Lemma of connected subspace

If $A,B$ is a separation of a topological space $X$ , and $Y\subseteq X$ is a connected subspace with subspace topology, then $Y$ is either contained in $A$ or $B$ .

Easy to prove by contradiction. Try to construct a separation of $Y$ .

Theorem of connectedness of union of connected subsets

Let $\{A_\alpha\}_{\alpha\in I}$ be a collection of connected subsets of a topological space $X$ such that $\bigcap_{\alpha\in I} A_\alpha$ is non-empty. Then $\bigcup_{\alpha\in I} A_\alpha$ is connected.

Easy to prove by lemma of connected subspace.

Lemma of compressing connectedness

Let $A\subseteq X$ be a connected subspace of a topological space $X$ and $A\subseteq B\subseteq \overline{A}$ . Then $B$ is connected.

Easy to prove by lemma of connected subspace. Suppose $C,D$ is a separation of $B$ , then $A$ lies completely in either $C$ or $D$ . Without loss of generality, assume $A\subseteq C$ . Then $\overline{A}\subseteq\overline{C}$ and $\overline{A}\cap D=\emptyset$ (from $\overline{C}\cap D=\emptyset$ by closure of $A$ ). (contradiction that $D$ is nonempty) So $D$ is disjoint from $\overline{A}$ , and hence from $B$ . Therefore, $B$ is connected.

Theorem of connected product space

Any finite cartesian product of connected spaces is connected.

Prove using the union of connected subsets theorem. Using fiber bundle like structure union with non-empty intersection.

Application of connectedness in real numbers

Real numbers are connected.

Using the least upper bound and greatest lower bound property, we can prove that any interval in real numbers is connected.

Intermediate Value Theorem

Let $f:[a,b]\to \mathbb{R}$ be continuous.
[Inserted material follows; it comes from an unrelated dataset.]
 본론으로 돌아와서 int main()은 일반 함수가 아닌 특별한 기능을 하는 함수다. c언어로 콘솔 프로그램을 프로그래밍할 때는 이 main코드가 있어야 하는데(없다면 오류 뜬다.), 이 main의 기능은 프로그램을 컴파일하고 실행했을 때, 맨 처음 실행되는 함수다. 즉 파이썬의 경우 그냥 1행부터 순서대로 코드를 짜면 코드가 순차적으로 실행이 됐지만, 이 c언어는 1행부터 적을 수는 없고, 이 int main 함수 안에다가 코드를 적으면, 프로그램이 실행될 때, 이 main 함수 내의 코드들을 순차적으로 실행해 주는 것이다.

If $c\in\mathbb{R}$ is such that $f(a)<c<f(b)$ , then there exists $x\in [a,b]$ such that $f(x)=c$ .

If false, then we can use the disjoint interval with projective map to create a separation of $[a,b]$ .
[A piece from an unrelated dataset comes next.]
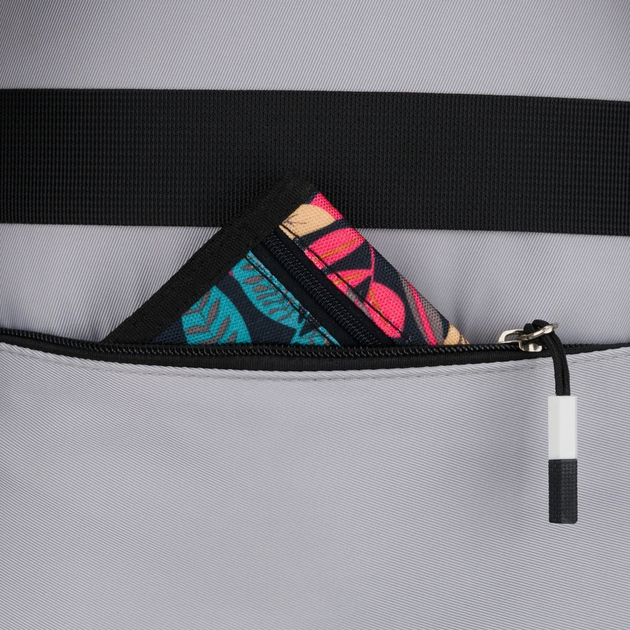 - Z przodu znajduje się dodatkowa kieszonka zapinana na suwak, która zapewnia szybki dostęp do drobiazgów.

Definition of path-connected space

A topological space $X$ is path-connected if for any two points $x,x'\in X$ , there is a continuous map $\gamma:[0,1]\to X$ such that $\gamma(0)=x$ and $\gamma(1)=x'$ . Any such continuous map is called a path from $x$ to $x'$ .

Every connected space is path-connected.
- The converse may not be true, consider the topologists’ sine curve.

Compactness

Definition of compactness via open cover and finite subcover

Let $X=(X,\mathcal{T})$ be a topological space. An open cover of $X$ is $\mathcal{A}\subset \mathcal{T}$ such that $X=\bigcup_{A\in \mathcal{A}} A$ . A finite subcover of $\mathcal{A}$ is a finite subset of $\mathcal{A}$ that covers $X$ .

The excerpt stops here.